**Given material**
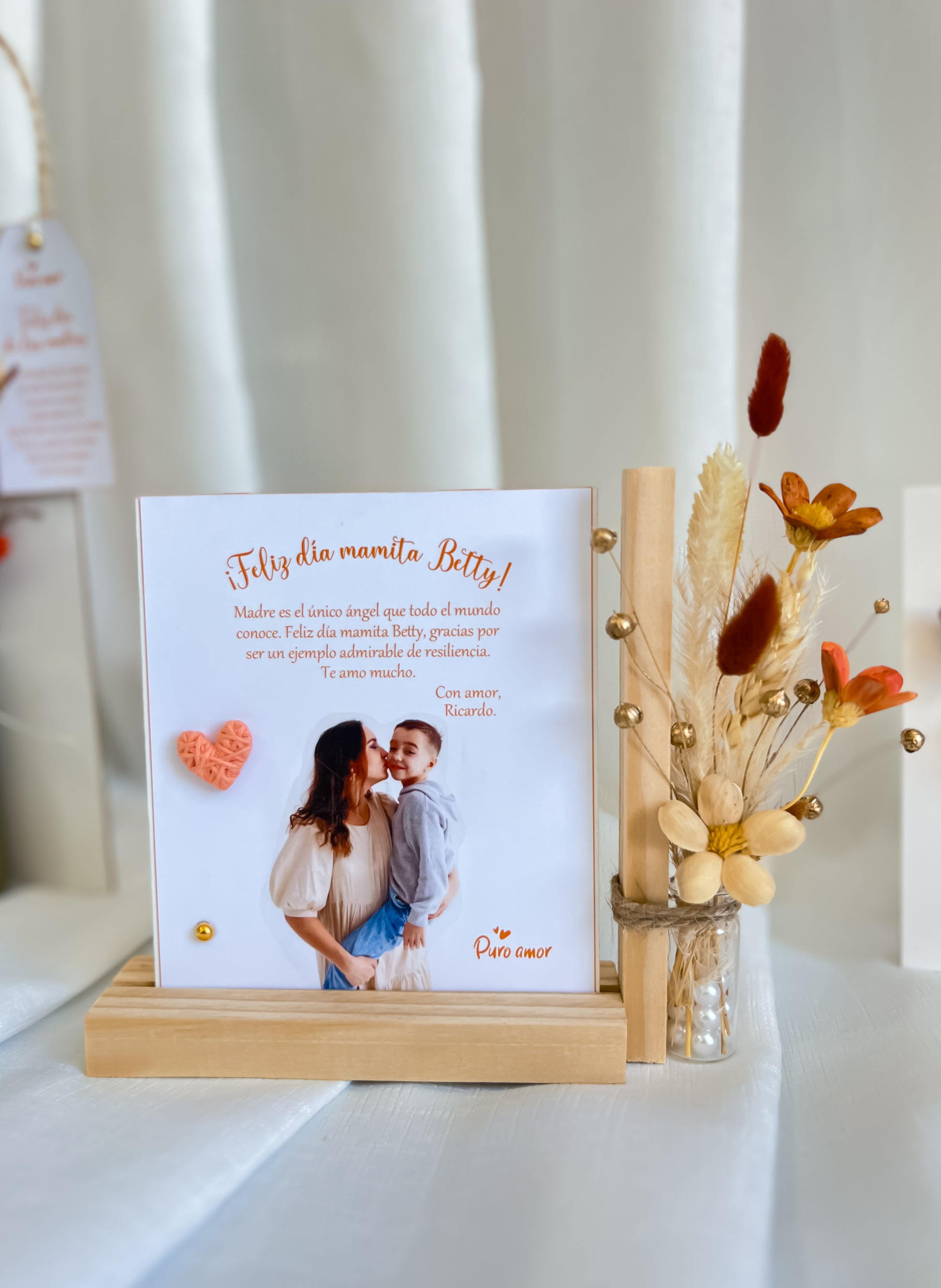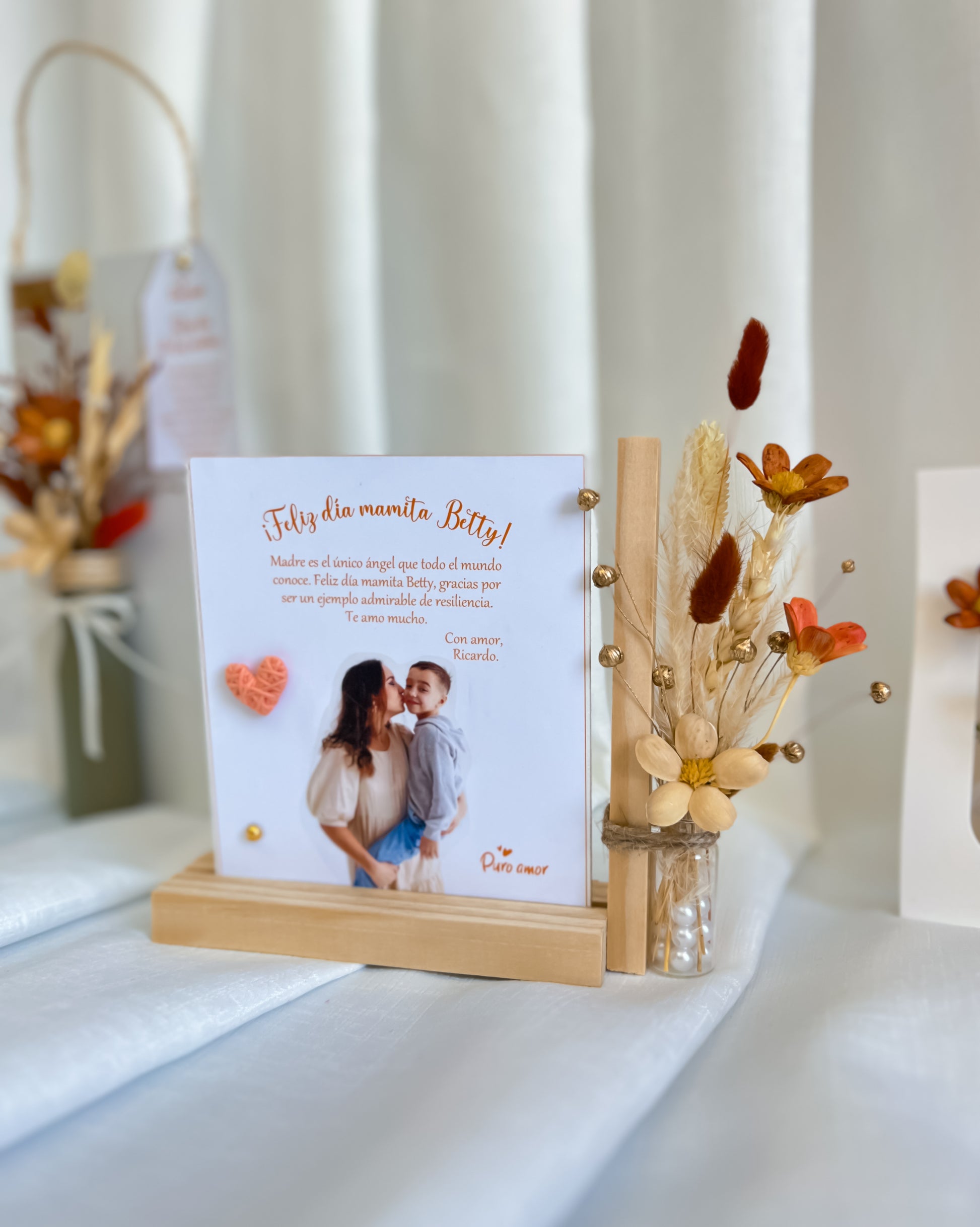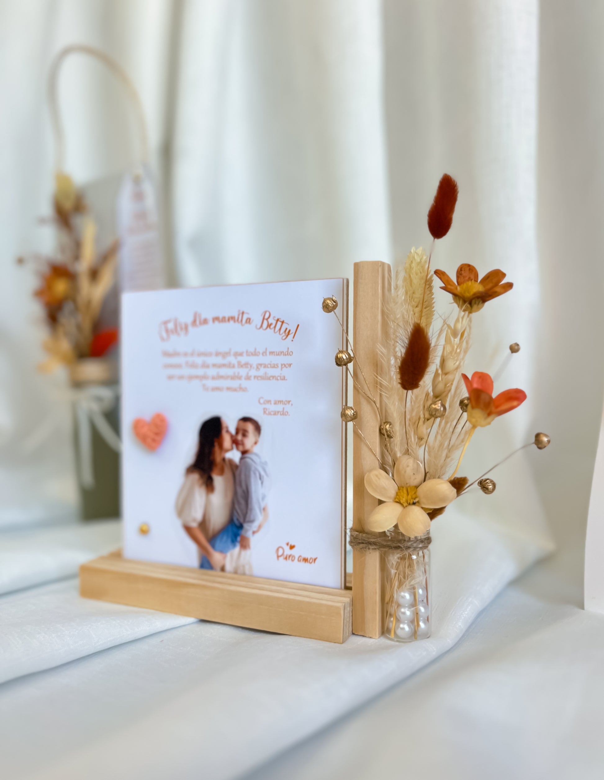 Porta foto con flores naturales eternas
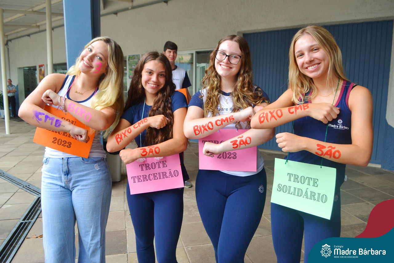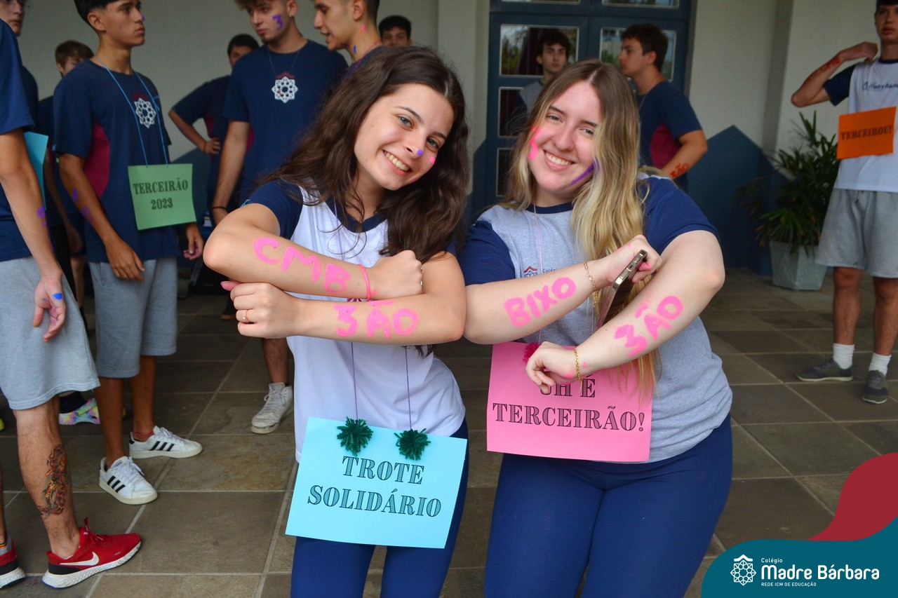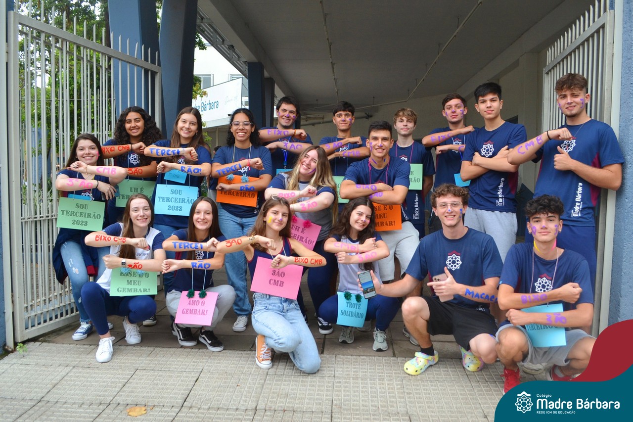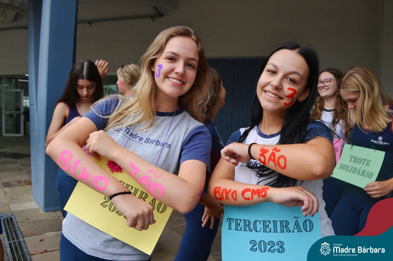 A semana começou com tudo para nosso querido Terceirão 2023! O Gembar propôs um Trote Solidário em que deveriam arrecadar doações de produtos de limpeza e materiais de higiene pessoal, que serão entregues para entidades de assistência social de Lajeado. O Trote iniciou hoje pela manhã e contou com pinturas no rosto e nos braços, além das tradicionais plaquinhas. A “última primeira semana” já começou cheia de atividades!
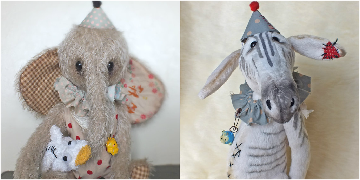 Hoy os traigo dos tiendas la primera situada en Inglaterra se llama A Curious whim se dedica a hacer osos, elefantes o cualquier animalito que se le ocurra, en forma de peluche, prima su originalidad, dándoles un estilo vintage y usado que los llena de un encanto y una personalidad únicos.

**Assignment**
The copy should hold, exactly, the lines from the one containing "A semana começou" to the final line of the listing above, with both ends present and no pictures.

**Task response**
 A semana começou com tudo para nosso querido Terceirão 2023! O Gembar propôs um Trote Solidário em que deveriam arrecadar doações de produtos de limpeza e materiais de higiene pessoal, que serão entregues para entidades de assistência social de Lajeado. O Trote iniciou hoje pela manhã e contou com pinturas no rosto e nos braços, além das tradicionais plaquinhas. A “última primeira semana” já começou cheia de atividades!
 Hoy os traigo dos tiendas la primera situada en Inglaterra se llama A Curious whim se dedica a hacer osos, elefantes o cualquier animalito que se le ocurra, en forma de peluche, prima su originalidad, dándoles un estilo vintage y usado que los llena de un encanto y una personalidad únicos.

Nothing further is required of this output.